Georgianne Stary, a refugee from Czechoslovakia, came to D&E eager to blend Christianity with politics. Having arrived in September 1944, she shared with her listeners at chapel her views on what the conflict was all about. She flatly stated that "Nazism is not an idea, it is a religion."   The cure for this secular faith was a cleansing which was only possible through "Christian education." Stary, like Reinhold Niebuhr and Paul Tillich, envisioned the new world emerging as a more international version of Protestantism. Stating that "the new education for all countries must be based on good Christian leadership," Stary also advocated a world where "there must be a common language in which everyone will learn to think," thus freeing it from nationalist manipulation."

 

Her influence was widely felt -- in 1946 she would play a leading role in the acquiring of accreditation from the North Central Association of Colleges. And she was not alone in seeing the war as a means to crystallize intellectual views toward a Christian universalism. A colleague, Religion Professor Frank B. Lewis, went so far as advocating a "Christian College War Training Service." As well, he touted a "new measure of strength -- mental, physical and spiritual." This type of activist Protestantism reflected a liberal version of Evangelicalism. Not for nothing that after the full horrors of the war became known that many took solace in religion. In the 1950s, church attendance soared.

 

 

After the war, D&E flourished with the return of veterans eager to take advantage of the Serviceman's Readjustment Act of 1944 or the "GI Bill of Rights." Trying not to make the mistake of simply offering a "bonus" (as was the case with World War I), Congress tried to offer veterans a life-changing experience, such as owning a home or getting a crack at higher education. Suddenly a generation that had all but ruled out college in the early 1940s was now eligible to attend at the pleasure of the federal government.

 

Unlike previous D&E students, they were not enamored of May poles or football. They were all business. Still donning uniforms, this "GI generation" transformed academia. Many within the academic community were horrified at the prospect of over-aged and demanding students champing at the bit to return to the outside as soon as possible. "Colleges and universities will find themselves converted into educational hobo jungles," sniffed University of Chicago President Robert Maynard Hutchins, "and veterans...will find themselves educational hobos." But as historian David Kennedy observed, they "were highly motivated students" who gave a boost to institutions of higher learning.

 

D&E and Purdum celebrated rather than scoffed at the prospect of these returning veterans.
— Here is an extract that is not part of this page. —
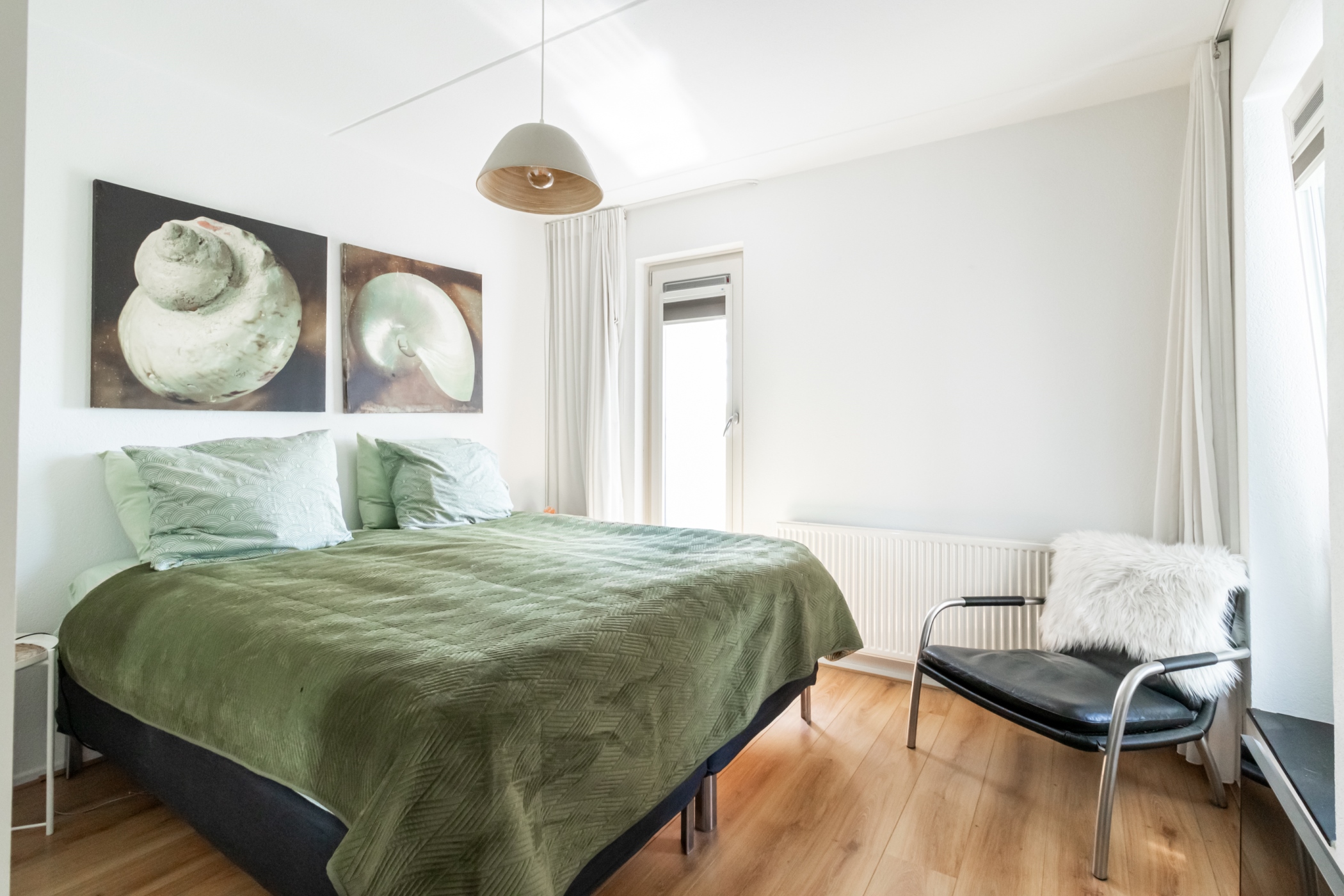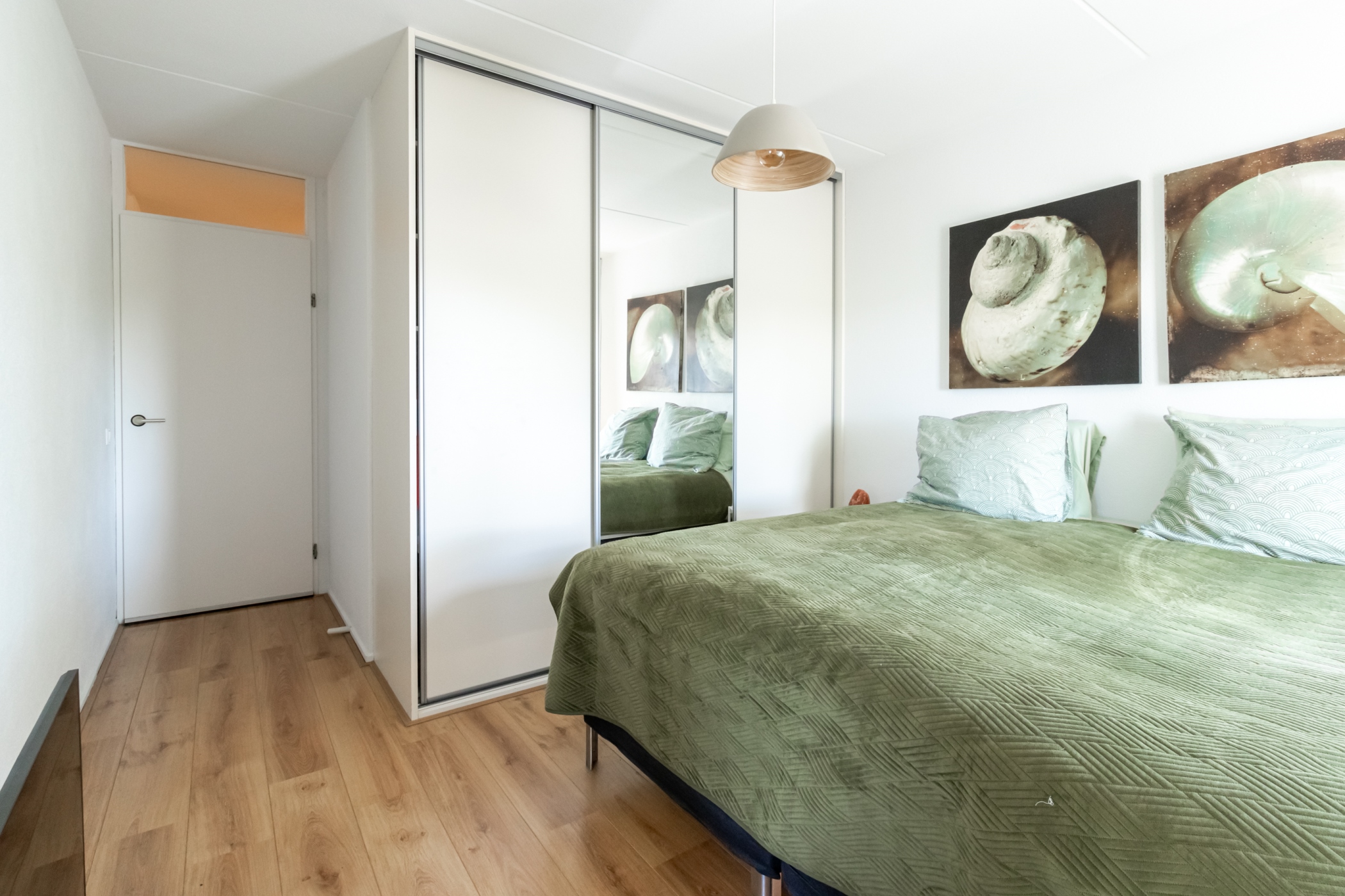 In de tussenhal bevinden zich het toilet en een bergkast met de opstelplaats van de wasmachine, droger en cv-ketel. De 2 slaapkamers zijn beide van goed formaat. Eén van de slaapkamers beschikt over een Frans balkon, waardoor u op warme dagen de deur kunt openen en de kamer kunt vullen met heerlijk frisse lucht. De andere slaapkamer biedt directe toegang tot het terras, waardoor u gemakkelijk naar buiten kunt stappen om de frisse ochtendlucht in te ademen. Ook zijn de kamers aangenaam licht dankzij de aanwezige raampartijen.
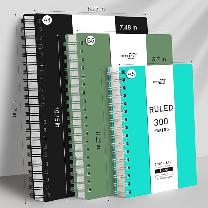 - TWIN-WIRE SPIRAL BOUND: RETTACY College Ruled Notebook features a sturdy twin-wire spiral bound, easy page turning as well as the ability to lay flat at 180Β°. The cover is made of PVC plastic which is waterproof and provides protection for your valuable notes

Having seen so many come into Elkins during the war, Davis & Elkins was more than prepared to meet the challenge. From 98 students in 1944-1945 and 303 in 1945-1946, D&E saw a jump to 744 in 1946-1947. Of this total, 447 were veterans. In 1947-1948, 941 attended the college, including 878 full-time. Impatient veterans swelled the ranks of summer school, reaching a high of 501.

 

D&E's reputation as an "excellent" trainer of air crews helped it land an Air Force Reserve Officer Training Corps in July 1951. D&E also received full accreditation from the North Central Association in 1946. The war years transformed the "college on the hill" to a first-rate liberal arts college. As much in American life, things would never to be the same after the war -- one that inadvertently launched a greater social revolution than was envisioned by the New Deal.